An Intersection of Fashion and Function: Military Style
If one were to have to definitively choose a single design element that has been the most pervasive throughout all of fashion, a safe choice would surely be military style. It is constantly re-evaluated from viewpoints ranging from purely field-function oriented approaches (such as those taken by governments in effectively equipping their ground forces), to visions concerned less with function and more with the aesthetic connotations that functional design and military apparel carry. This continuous re-interpretation has created a powerful omnipresence in fashion, from grunge to Gucci.
Above (Left to Right): Military Shirt by Gucci, An example of a grunge-style military shirt (taken from Wanelo), Another instance of a military-inspired grunge look (taken from Wanelo), Military Coat by Zara.
I find this particularly fascinating--that is, how military style can have so many interpretations and redesigns, yet still retain a focus on certain functional qualities (or emulation of said function). For example, the strong, sturdy look of military apparel naturally lends itself to components of high-fashion and couture. Yet this quality of high structural integrity has also been adopted by grunge and skate culture for its damage-resistant fabric, cost-effectiveness (think: military surplus stores), and abundance of pockets--not to mention the great baggy, nonchalant look one can get out of an oversized, unbuttoned canvas shirt.
Above: Jonathan Lim wearing Kishin Kato's "Masculine Aggression" from the collection "Hypermasculinity". Photograph by Camelia Malkami.
This look at the pervasiveness that function has given to military style brings us to the clever and thoughtful designs of Kishin Kato, which were recently featured at MODA’s 2017 Winter Show. In the collection titled “Hypermasculinity,” Kato invokes an intense emphasis on physicality through what could be seen as hyper-functionality. A detail from the collection that highlights such extreme effectiveness is taken from Kato’s own description of the second look called “Masculine Aggression:"
“The jacket is fully compatible with the MOLLE system used to attach police and military equipment to the garment--excessive implementation of the system creates an absurd capacity for tactical use. The zig-zag zipper featured on the front symbolizes boldness and emphasizes the padded panel on the front right of the garment. Attached to the MOLLE webbing are two molotov cocktails made from beer bottles; violence and beer being typical elements of hyper-masculine identity.”

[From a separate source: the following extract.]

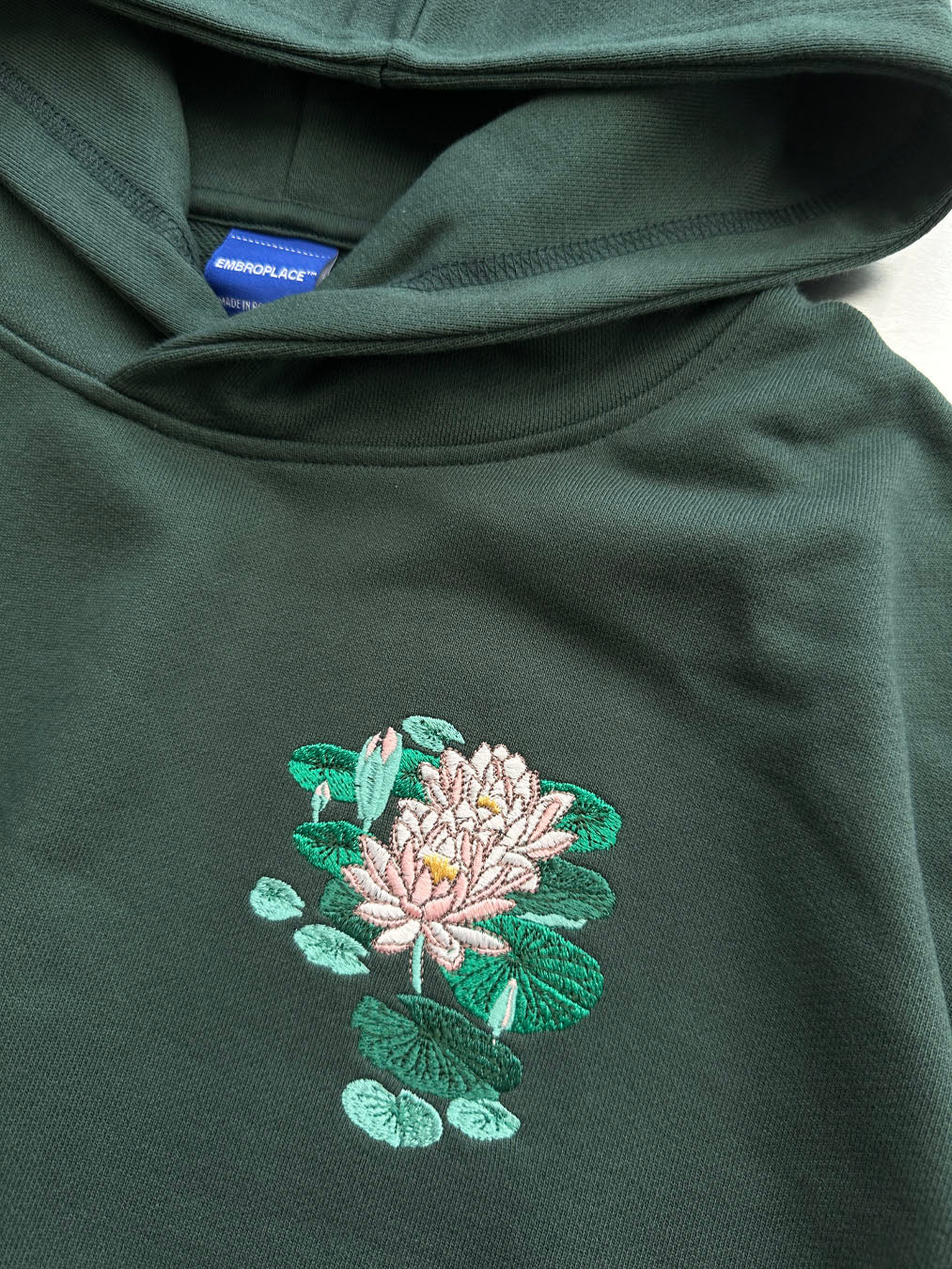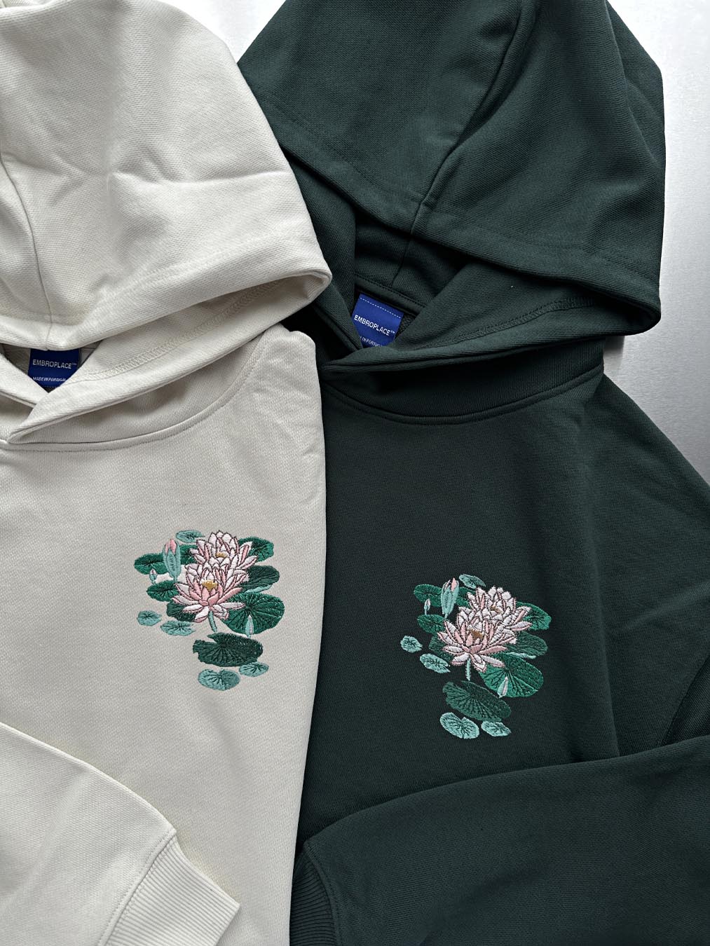 The painting 'Water Lily' by Ohara Koson depicts lilies in soft pastel tones. The embroidery faithfully captures these details with a focus on textures — from the delicate petals of the lilies to the contours of the leaves. Each detail recreates the atmosphere of harmony and tranquility characteristic of the original.

As one can see, functionalism in this interpretation of military style is reflected by an emphasis of the external over internal. The look is heavily concerned with how it is able to affect its surroundings in a lasting and potentially damaging manner. Notably, the collection features several function-oriented design elements that have also become prevalent in streetwear such as paneling and pants cuffed below the knee to allow simultaneous freedom of movement and a clean profile. Such concepts are insightfully explored throughout the rest of the collection, and it is because of this insight that I strongly recommend anyone interested in “Hypermasculinity” keep an eye out for Kato’s work.